Paper No. 1
Presentation Time: 1:00 PM

STUMBLING BLOCKS TO THE ACCEPTANCE OF IDEAS: BONE MINERAL AS A CASE STUDY


PASTERIS, Jill Dill, Department of Earth and Planetary Sciences, Washington University in St. Louis, 1 Brookings Dr., CB 1169, St. Louis, MO 63130-4899 and YODER, Claude H., Department of Chemistry, Franklin and Marshall College, Lancaster, PA 17603, PASTERIS@LEVEE.WUSTL.EDU

Science progresses as ideas are tested and as analyses confirm or refute specific statements and interpretations. Scientists typically assume that, through these means, the incorrect and the unsound are culled out, so as to bring the actual facts to light. In some cases, however, an observation that is irrefutably correct and also significant to a particular group of scientists is overlooked or not accepted by them. Not only is such an error irksome at the practical level to those in that field, but it also causes concern to the broader scientific community that wishes to avoid such systemic errors in judgment. Analysis of such mistakes may reveal flaws in the approach taken, and future errors can be avoided. The case study here concerns the mineral component of bone, which is a nanocrystalline form of hydroxylapatite [Ca10(PO4)6(OH)2] in which several weight percent carbonate substitute for the phosphate ion. The history of the discovery of the chemical composition and later the mineral structure of the inorganic salt in bone follows, as expected, the historic development of the field of chemistry. Interwoven with this story of increasing sophistication in determining the presence and stoichiometric proportions of elements in bone apatite, however, is a tale of the often-overlooked component water, H2O. The presence of structurally incorporated water in bone apatite, in addition to even greater amounts of simply adsorbed water, was documented 140 years ago. Over the intervening decades, repeated studies by researchers in such fields as inorganic chemistry, industrial synthesis, mineralogy, dental science, and spectroscopy further documented the presence of water within the structure of carbonated apatites produced at low temperature, including those that form bone.

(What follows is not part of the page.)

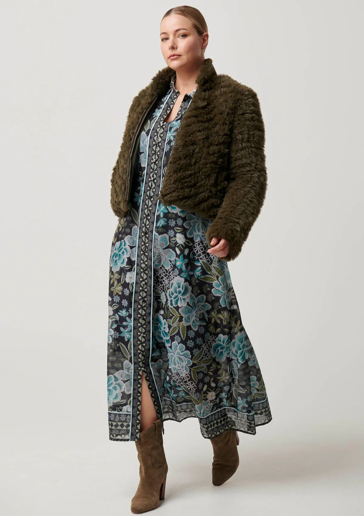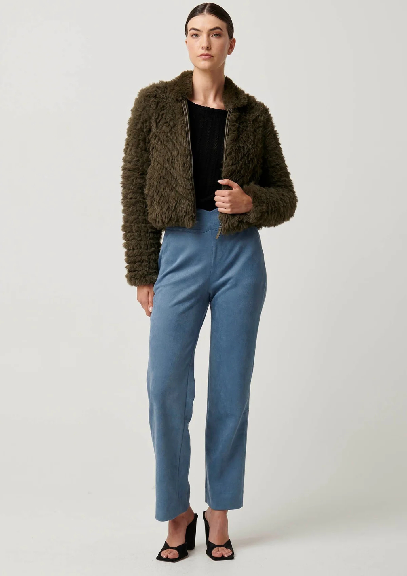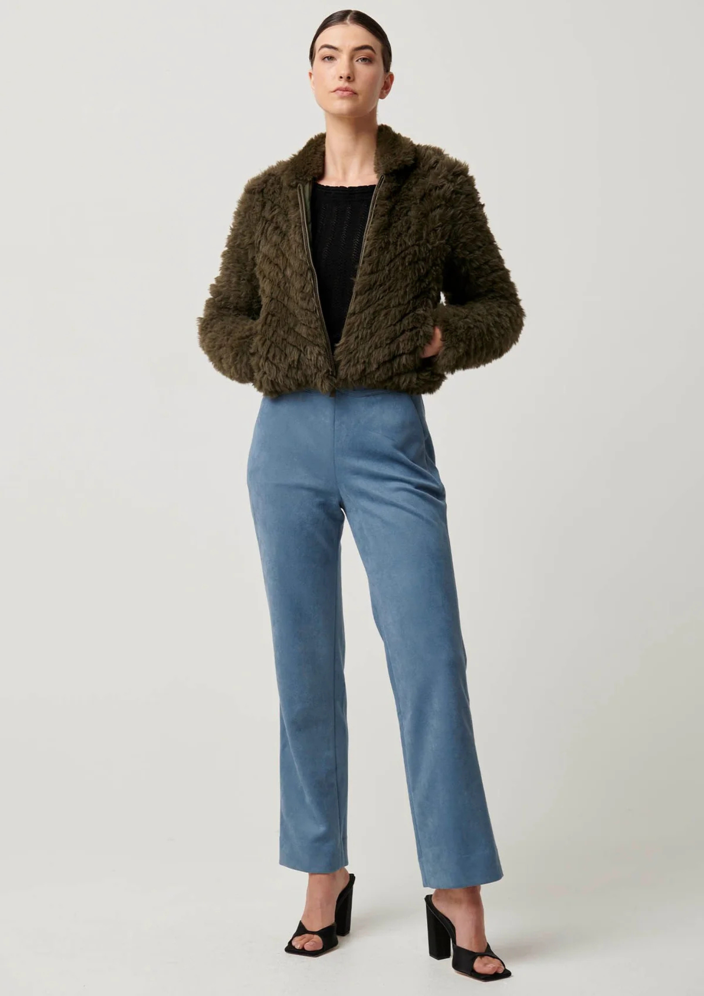 Wrap yourself in luxurious warmth with the Sybil Chevron Faux Fur Rib Collar Bomber in Moss. This stunning jacket combines cozy texture with an effortlessly chic design, making it a must-have for cooler days. Crafted from premium chevron-patterned faux fur, it offers a plush and sophisticated look without compromising on comfort.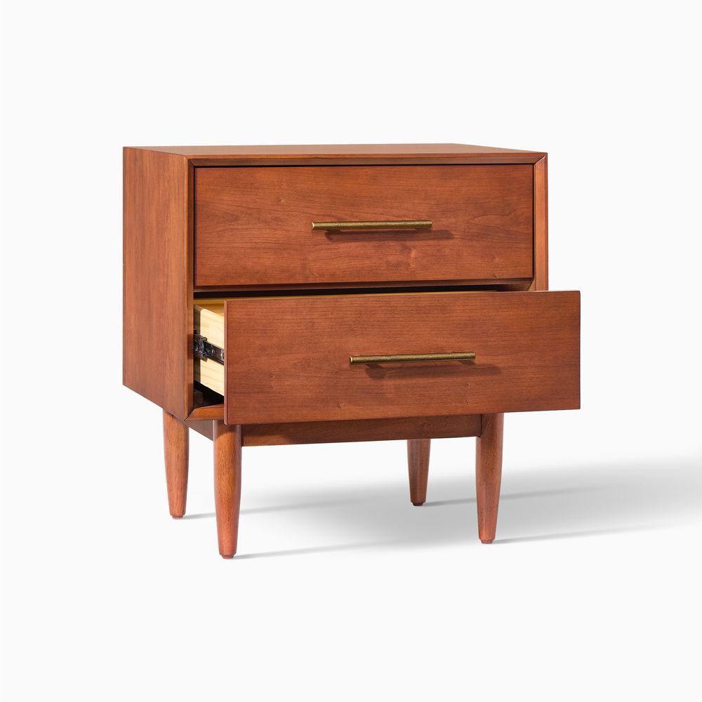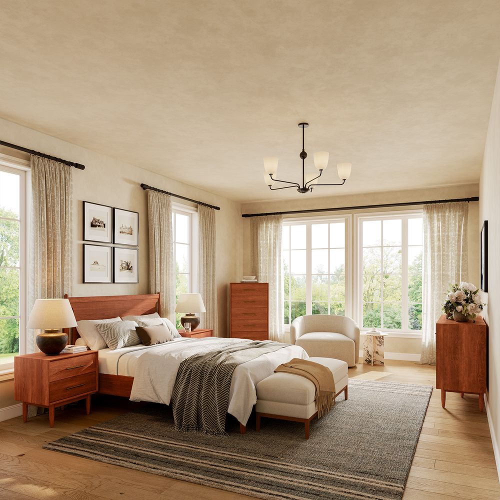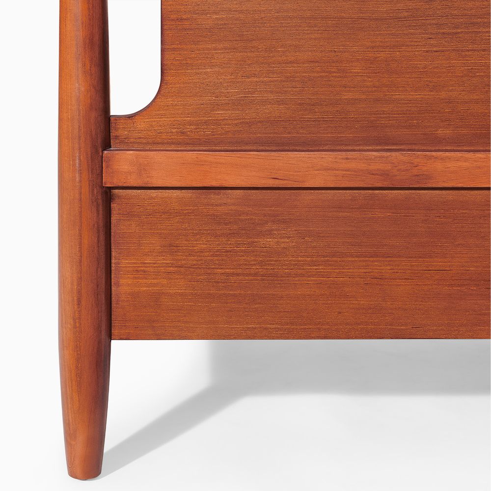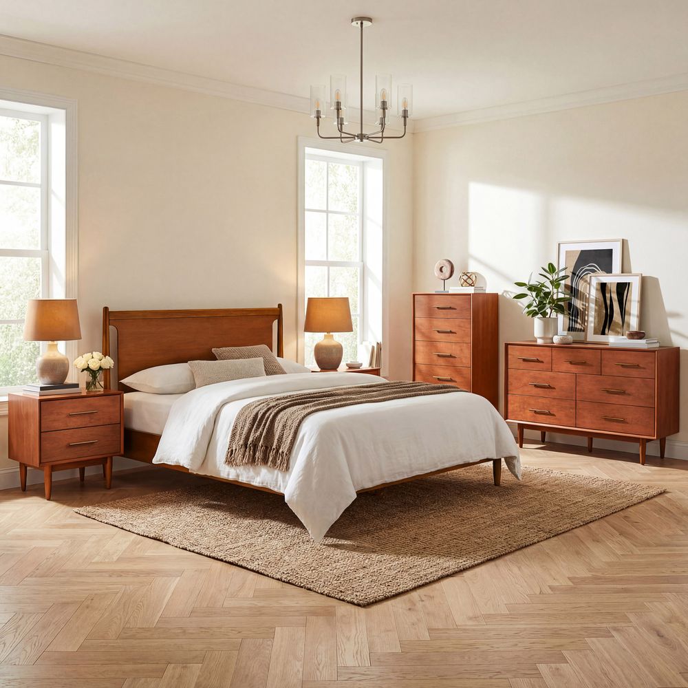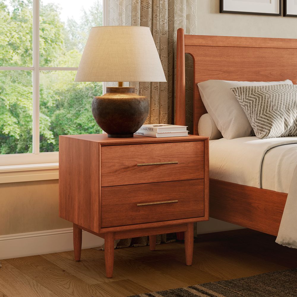 A well-matched set designed for a Mid-Century Modern bedroom, this bed frame pairs effortlessly with two nightstands. Clean lines, classic tapered wood legs, and a warm, nostalgic tone give the collection a light, airy presence, making it easy to layer with varied textures for a cozy, inviting bedroom.

Yet, even today, there is no widely recognized review article on bone or its mineral component that lists water as a structural component of bone apatite. Among the possible reasons for this extreme example of oversight are (1) although it is medical researchers who typically investigate bone, the pertinent data in this bone issue came dominantly from non-medical researchers, and (2) medical scientists became lulled by the simple formula of the mineral hydroxylapatite, relying too heavily on the anhydrous nature of what was only the "model" mineral.